Local geometric descriptors act as an essential component for 3D rigid data matching. A rotational invariant local geometric descriptor usually consists of two components: local reference frame (LRF) and feature representation. However, existing evaluation efforts have mainly been paid on the LRF or the overall descriptor and the quantitative comparison of feature representations remains unexplored. This paper fills the gap by comprehensively evaluating nine state-of-the-art local geometric feature representations. In particular, our evaluation assesses feature representations based on ground-truth LRFs such that the ranking of tested methods is more convincing as compared with existing studies.
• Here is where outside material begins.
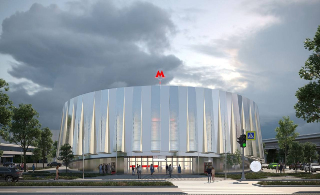 Павильон станции представляет собой цилиндр-шайбу – согласно авторскому , «гигантскую шестерню». Что, в целом, достаточно распространено среди павильонов 1970-х годов. В отличие от них он асимметричен, приподнимает свою дугу со стороны входа, и облицован серебристым металлом, причем выпущенные вперед под наклоном объемные «клавиши» – просечные. Так что павильон напоминает и «Марьину рощу» БКЛ, и якутскую филармонию. Подземные переходы также отмечены металлической конструкцией: мы видим их только в профиль и пока не понятно, цельная ли она или только по бокам расположены трубки из того же полированного металла. В интерьере станции тот же металл на круглых колоннах, трубах-светильниках и «заворотах» верхней части стен, остроумно совмещенных с вентрешетками. Оккулюс входной части, с круглым световым отверстием и расходящимися от него кругами, решен в обновленных традициях московского метро: вспомним хотя бы павильон с колонной между эскалаторами на «Курской». Тем не менее металл, опять же в метрошных традициях, сочетается с мозаикой. Вспомним хотя бы Корина на «Комсомольской».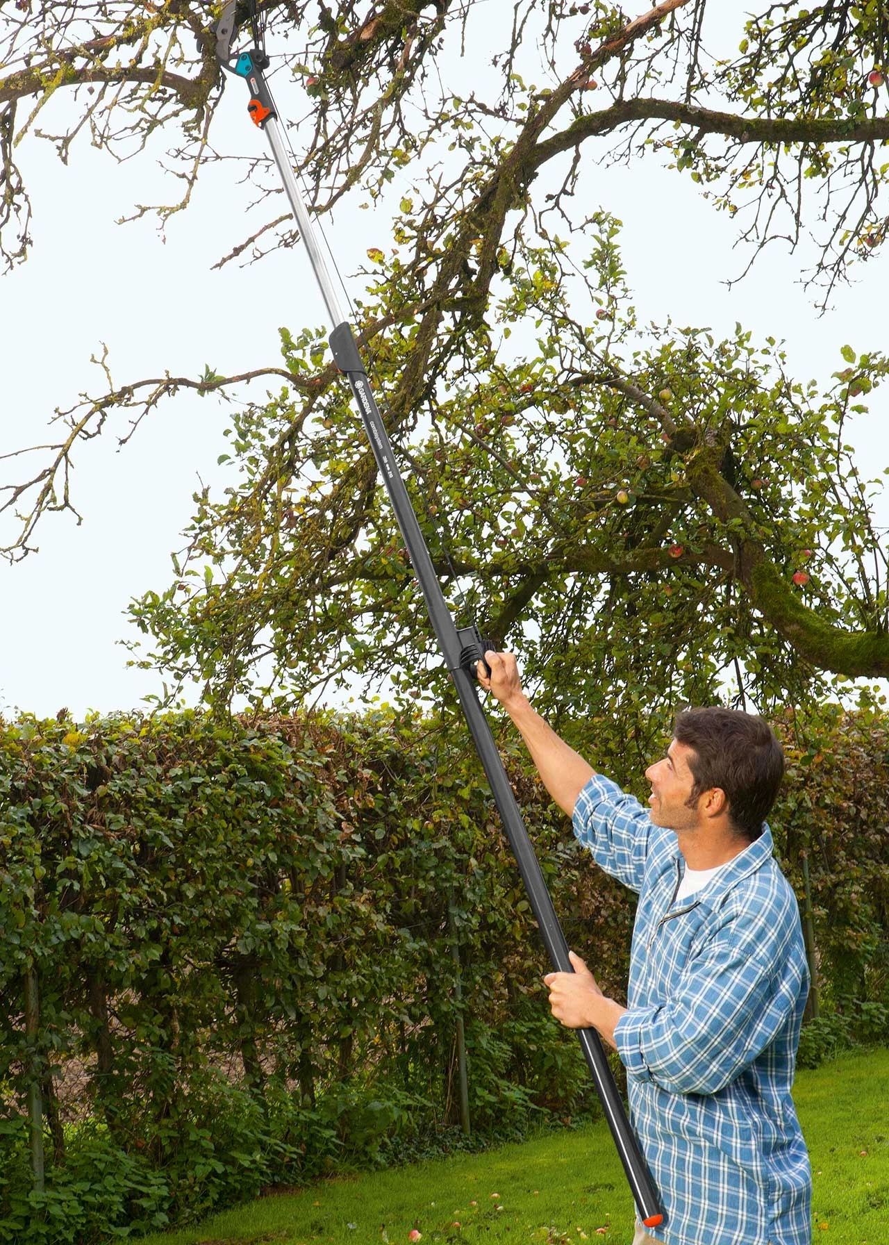 The pulling cord is 4.7m long, and is tear-resistant, so you can combine the branch pruner with a Gardena telescopic combisystem handle; allowing you to prune high tree branches safely from the ground. All GardenaGardena combisystem handles feature a screw attachment, for a secure, wobble-free connection.

The experiments are deployed on six standard datasets with various application scenarios (shape retrieval, point cloud registration, and object recognition) and data modalities (LiDAR, Kinect, and Space Time) as well as perturbations including Gaussian noise, shot noise, data decimation, clutter, occlusion, and limited overlap. The evaluated terms cover the major concerns for a feature representation, e.g., distinctiveness, robustness, compactness, and efficiency. The outcomes present interesting findings that may shed new light on this community and provide complementary perspectives to existing evaluations on the topic of local geometric feature description. A summary of evaluated methods regarding their peculiarities is finally presented to guide real-world applications and new descriptor crafting.